- [Your objective]
Leave out the pictures and retype, exactly, the lines below from the line with "Photograph 5 –" up to and including the line with "Trench around Jerusalem", nothing more.

***** Extracted material

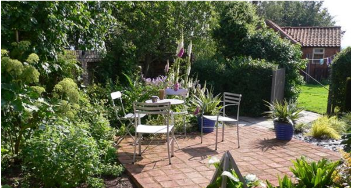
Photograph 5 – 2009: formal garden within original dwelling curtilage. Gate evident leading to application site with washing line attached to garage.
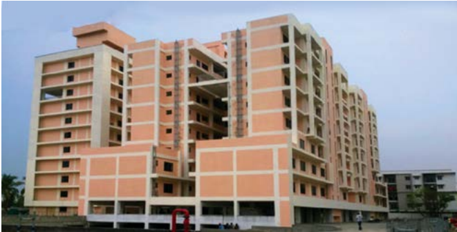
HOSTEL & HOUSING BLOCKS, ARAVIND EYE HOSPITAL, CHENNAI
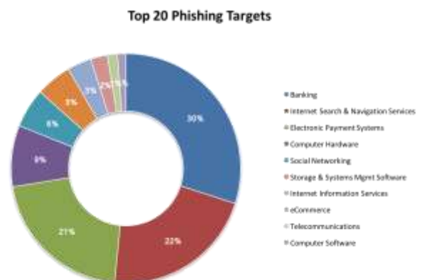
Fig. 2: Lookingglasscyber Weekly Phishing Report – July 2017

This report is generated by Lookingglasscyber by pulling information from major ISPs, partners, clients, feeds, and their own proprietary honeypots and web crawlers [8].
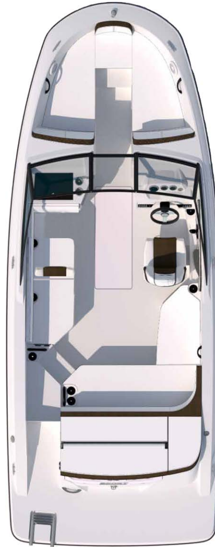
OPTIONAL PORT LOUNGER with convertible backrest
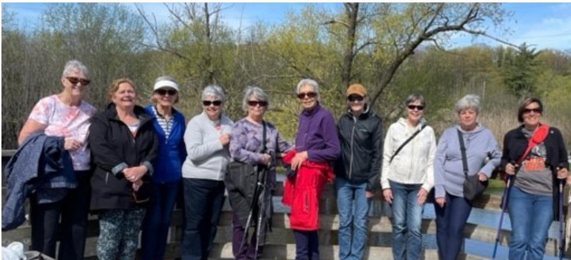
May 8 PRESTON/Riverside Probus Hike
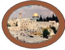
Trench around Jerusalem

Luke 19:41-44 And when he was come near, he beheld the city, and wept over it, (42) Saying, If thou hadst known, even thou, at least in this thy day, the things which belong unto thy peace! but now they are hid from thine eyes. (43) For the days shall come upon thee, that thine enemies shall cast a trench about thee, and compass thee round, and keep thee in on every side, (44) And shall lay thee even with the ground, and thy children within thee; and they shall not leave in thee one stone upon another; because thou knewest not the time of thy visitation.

**********
***** Extracted material

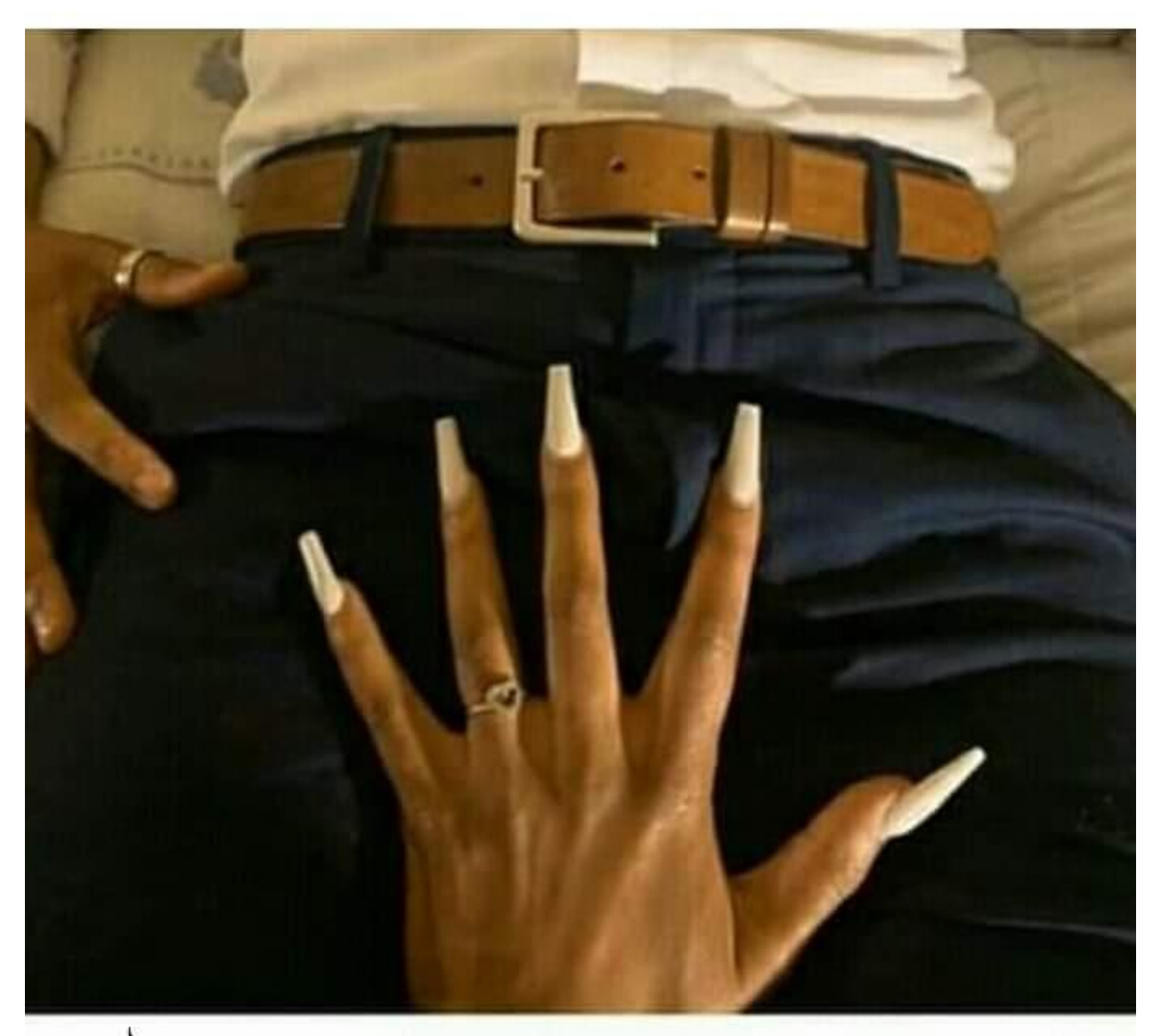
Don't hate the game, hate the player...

**********

- [Exercise answer]
Photograph 5 – 2009: formal garden within original dwelling curtilage. Gate evident leading to application site with washing line attached to garage.
HOSTEL & HOUSING BLOCKS, ARAVIND EYE HOSPITAL, CHENNAI
Fig. 2: Lookingglasscyber Weekly Phishing Report – July 2017

This report is generated by Lookingglasscyber by pulling information from major ISPs, partners, clients, feeds, and their own proprietary honeypots and web crawlers [8].
OPTIONAL PORT LOUNGER with convertible backrest
May 8 PRESTON/Riverside Probus Hike
Trench around Jerusalem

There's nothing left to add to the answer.